Dutch version
Data lakehouses are the talk in many organizations. Few, however, are running them confidently in production. We asked our Databricks Champion - Jacob Nurup - what actually works: how to hit parity first, raise productivity next, and keep resilience always, without blowing up governance or cost.
What's your advice for teams starting their data lakehouse journey?
Don't try to boil the ocean. Start with one high-value domain where success is measurable, maybe a critical operational dashboard or a key data product feeding downstream systems. Establish your three non-negotiables: platform guard rails, governed reuse, and CI/CD. Prove parity with your existing outputs. Then ship something real in weeks, not quarters.
Build momentum through quick wins but never compromise on governance or testing. The teams that succeed are the ones who resist the temptation to cut corners early on. Those corners become technical debt that slows you down later. Set the right foundation, one operating model, shared patterns, automated quality checks, and you can scale confidently. That's how you go from pilot to platform.
When does a data lakehouse stop being architecture and start being run-ready?
The moment parity - compared to the data warehouse - is real: same numbers, same or better SLAs, same controls.
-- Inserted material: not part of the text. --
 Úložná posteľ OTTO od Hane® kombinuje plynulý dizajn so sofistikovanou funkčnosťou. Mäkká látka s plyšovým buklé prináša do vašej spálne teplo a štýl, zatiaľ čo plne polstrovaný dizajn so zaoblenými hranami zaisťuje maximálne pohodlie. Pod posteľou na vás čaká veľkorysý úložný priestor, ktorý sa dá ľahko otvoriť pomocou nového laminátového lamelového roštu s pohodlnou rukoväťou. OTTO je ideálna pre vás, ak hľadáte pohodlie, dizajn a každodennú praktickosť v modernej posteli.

For instance, during client a project at a pension services provider, we spent the first phase proving equivalence, reconciling data between the old warehouse and new lakehouse, validating performance, and replicating access patterns and lineage. We put everything - pipelines, service endpoints, governance - on one operating model so policies, secrets, identity, and change control behave the same way everywhere. That's your stable floor. Only after we proved parity did we start optimizing for speed and new capabilities. Without that foundation, you're building on sand.
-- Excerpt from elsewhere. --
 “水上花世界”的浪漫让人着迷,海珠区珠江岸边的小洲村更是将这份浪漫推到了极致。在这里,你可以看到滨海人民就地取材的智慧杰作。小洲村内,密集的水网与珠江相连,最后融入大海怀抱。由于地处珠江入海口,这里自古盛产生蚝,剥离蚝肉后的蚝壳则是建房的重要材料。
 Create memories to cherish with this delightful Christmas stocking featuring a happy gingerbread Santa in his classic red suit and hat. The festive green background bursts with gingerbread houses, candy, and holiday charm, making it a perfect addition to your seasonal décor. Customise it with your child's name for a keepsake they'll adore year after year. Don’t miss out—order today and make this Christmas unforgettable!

What are the three non-negotiables you standardize first?
First, platform guard rails:
- Delta Lake patterns for bronze-silver-gold layers.
- Azure Data Factory and Databricks Workflows for orchestration.
- Unity Catalog as the single source of truth for access and lineage.
Everything flows through these rails, no custom pipelines that bypass governance.
Second, governed reuse: data contracts between layers, shared feature tables, and curated components in a central repository. When we're building AI agents or an MDM solution, teams pull approved patterns instead of starting from scratch. This cuts delivery time dramatically.
Third, CI/CD as the only path to production for both pipelines and services. Automated testing, approval gates, and non-regression checks by default. No manual deployments, no "we'll add tests later." This discipline is what lets you scale without breaking things.
How do you get from legacy data warehouse to first outcomes fast?
Pick one domain and prove the pattern end-to-end. When we migrated to a new platform at the pension services provider, we didn't try to lift-and-shift everything at once. We selected a few critical data feeds, established the bronze-silver-gold flow, reconciled outputs to the required tolerance levels, and delivered working dashboards and APIs. The key was automated testing; we validated transformations at every step to catch issues early.
Once the first domain is live and proven, the second and third move much faster because the patterns, pipelines, and governance are already in place. We've demonstrated migrations of roughly 350 feeds in about six months with under 2% major UAT anomalies using this approach. The secret is starting small, proving value quick, and then replicating what works.
What keeps the platform safe and affordable as you scale?
Treat resilience and costs like safety properties, not nice-to-haves. We define SLOs for every critical job, implement unified observability with dashboards monitoring job health, data quality, and platform performance. Disaster recovery isn't an afterthought; it's tested regularly.
On the cost side, FinOps is built in from day one: right-sizing clusters, auto-termination policies, spending quotas, and unit-cost budgets per workload. Unity Catalog enforces access policies as code, so governance scales without manual overhead.
The result? Fewer false positives in risk and compliance checks, thousands of operational hours saved, and predictable monthly spend, these guardrails were essential as we scaled from initial deployment to hundreds of production workloads.
Where do Databricks components fit without creating lock-in?
Databricks provides a cohesion layer, not handcuffs:
- Delta Lake standardizes our storage format open, performant, and compatible with any compute engine.
- Delta Live Tables (now Lakeflow Declarative Pipelines) and Workflows give us reliable orchestration with automatic retries and quality checks.
- Unity Catalog proves who accessed what data and why critical for audit and compliance.
- MLflow makes model deployment auditable and repeatable, from experimentation through production monitoring.
Because it's an open Lakehouse, you're not locked in. We regularly connect Power BI, external APIs, and other tools to the same Delta tables. You can reuse what works from your existing warehouse, star schemas, materialized views, BI reports and refactor only when there's clear value. At the same time, you can layer in domain-specific IP for financial crime detection, document processing, pricing optimization, or SRE operations. The platform adapts to your needs rather than forcing you into rigid patterns.